Find three non-constant, pairwise unequal functions f,g,h:R→Rf,g,h:\mathbb R\to \mathbb R…

Here is a proof that no such continuous functions exist. I’ll use juxtaposition to denote function composition. As noted in the comments,
$$h^2=fgh=f^2=ghf=g^2.$$
Let $e=f^4=g^4=h^4$. Note that $fgf=hf=g$ and $gfg=gh=f$, so
$$ef=g^4f=gf^2gf=gfg=f,$$
$$fe=fg^4=fgf^2g=gfg=f.$$
Similarly $eg=g=ge$ and $eh=h=he$. In particular $e^2=ef^4=f^4=e$, so $e$ is idempotent. Consider its image $X=\mathrm{im}\,e\subseteq\mathbb R$, so $e|_X$ is the identity. We have $\mathrm{im}\,f\subseteq X$ since $ef=f$. Moreover $f|_X^{4}=e|_X=\mathrm{id}_X$, so $f|_X$ is a permutation of $X$, and similarly for $g$ and $h$. (aside: it now follows that $f|_X$, $g|_X$ and $h|_X$ generate a quotient of the quaternion group).

Suppose $|X|>1$. Since $e$ is continuous, $X$ is a (possibly infinite) interval. Any continuous permutation of such a set is strictly monotone (either increasing or decreasing).

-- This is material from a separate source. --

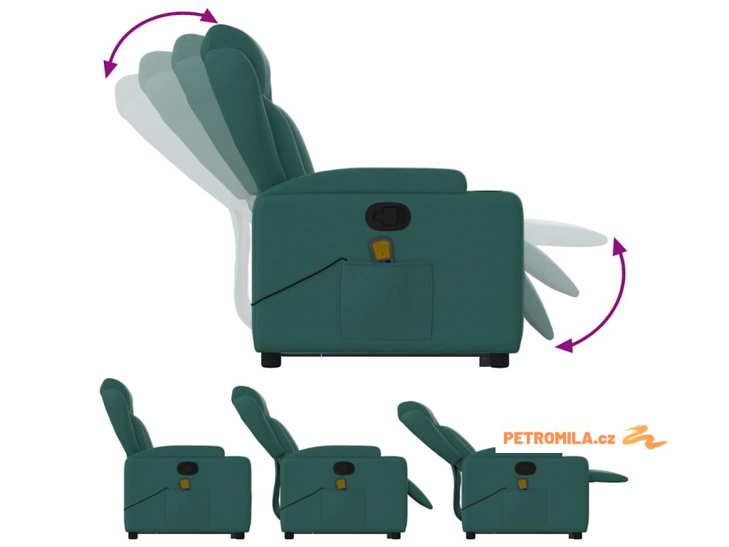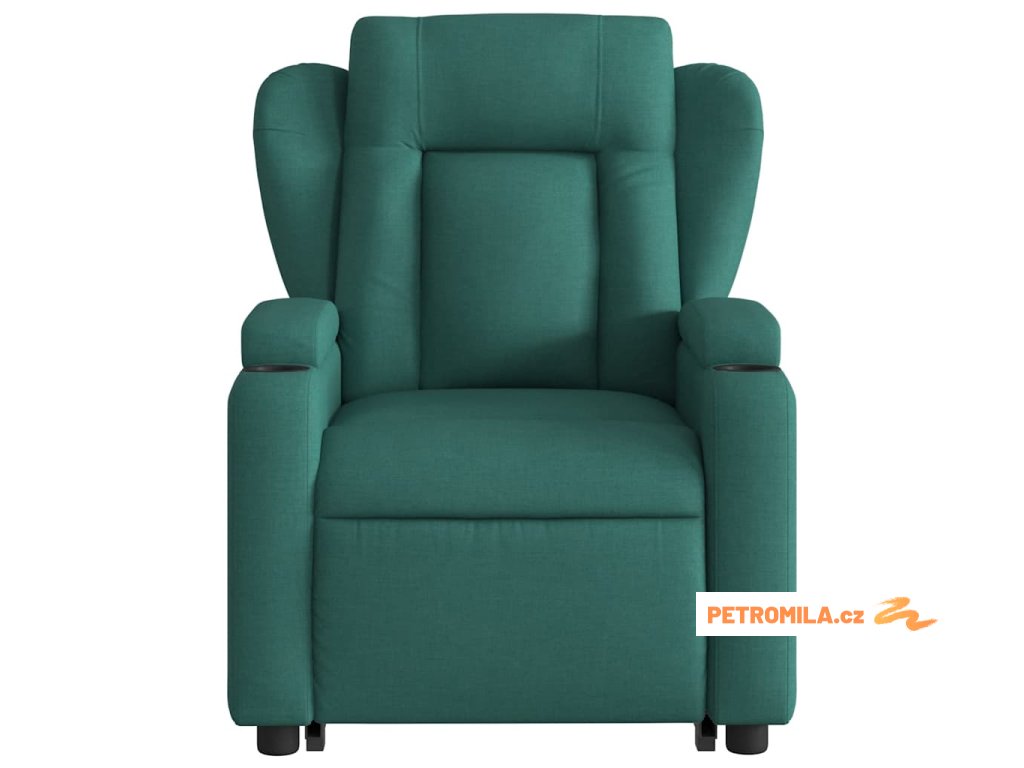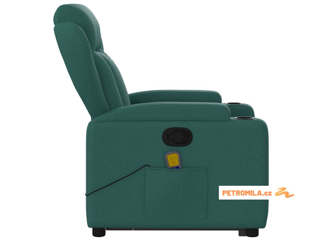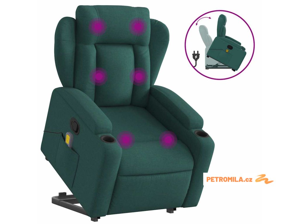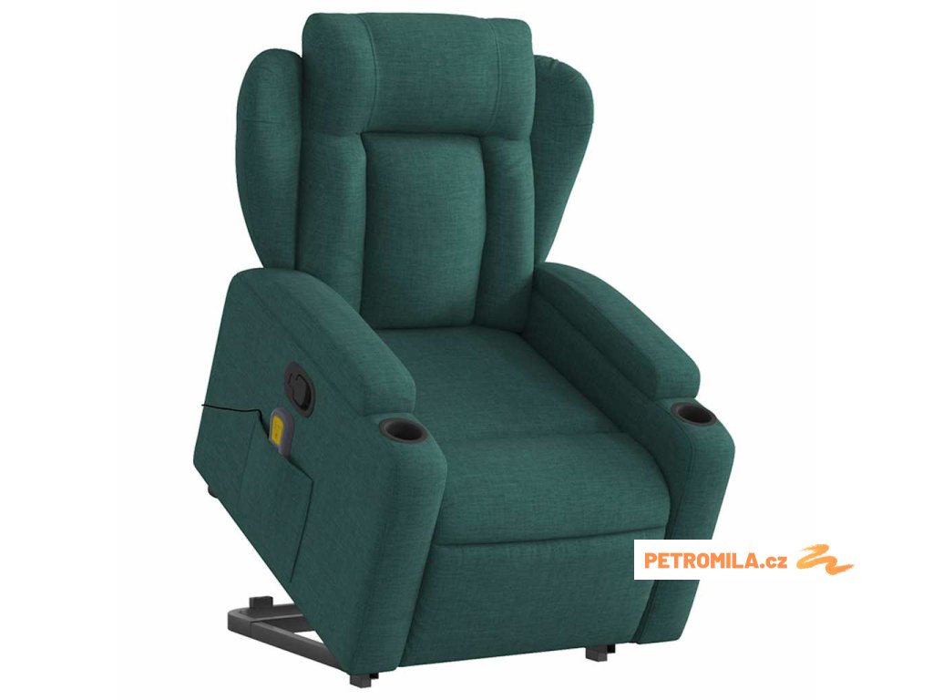 Zvedací masážní polohovací křeslo tmavě zelené textil

Moreover the only strictly increasing involution of $X$ is the identity. Indeed suppose $\sigma$ is such a function. If $\sigma(x)>x$ then
$$x=\sigma^2(x)>\sigma(x)>x,$$
a contradiction. Similarly we cannot have $\sigma(x)<x$, so $\sigma$ is the identity.

In particular $f|_X$, $g|_X$ and $h|_X$ are strictly monotone. Since $f|_X=g|_Xh|_X$, they can't all be decreasing. wlog suppose $f|_X$ is increasing. Then $f|_X^2$ is increasing. Since $f|_X^4=\mathrm{id}_X$, applying the above result twice gives $f|_X^2=\mathrm{id}_X$ and then $f|_X=\mathrm{id}_X$.

If $|X|=1$, then we also have $f|_X=\mathrm{id}_X$. In either case, for any $x\in\mathbb R$ we have $g(x)\in X$, so
$$h(x)=f(g(x))=g(x),$$
whence $h=g$.